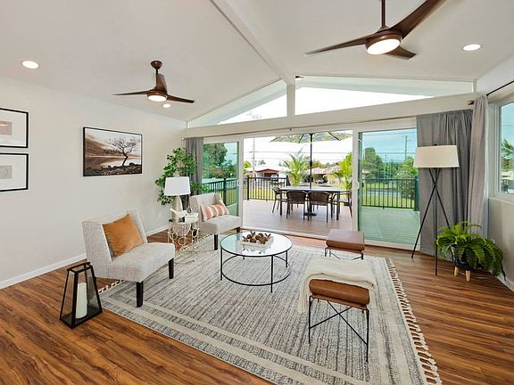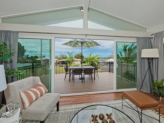 The kitchen has new quartz countertops, stainless steel kitchen appliances, and there's a new washer & dryer in the utility room. The house has a spacious front yard where an additional Ohana/Auxiliary structure may be able to be built. The house is on county water, has an upgraded 200 amp electrical connection, and has a 50amp EV car charger in the garage. It also is 1GB+ fiber optic internet ready with Hawaii Telecom.
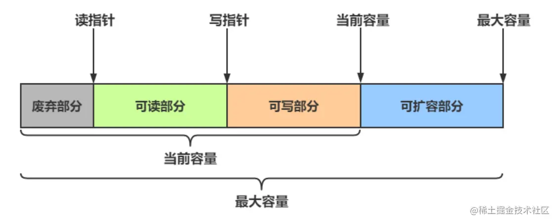 - 读写指针分离,不需要像 ByteBuffer 一样切换读写模式
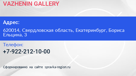 VAZHENIN GALLERY по адресу 620014, Свердловская область, Екатеринбург, Бориса Ельцина, 3 в дальнейшем Организация, размещена в следующих категориях:

WORK ORDER: Retyping should start at the first line of the data above and stop after the line with "- 读写指针分离,不需要像 ByteBuffer 一样切换读写模式", and no picture should be included.

ANSWER SPACE:
 The kitchen has new quartz countertops, stainless steel kitchen appliances, and there's a new washer & dryer in the utility room. The house has a spacious front yard where an additional Ohana/Auxiliary structure may be able to be built. The house is on county water, has an upgraded 200 amp electrical connection, and has a 50amp EV car charger in the garage. It also is 1GB+ fiber optic internet ready with Hawaii Telecom.
 - 读写指针分离,不需要像 ByteBuffer 一样切换读写模式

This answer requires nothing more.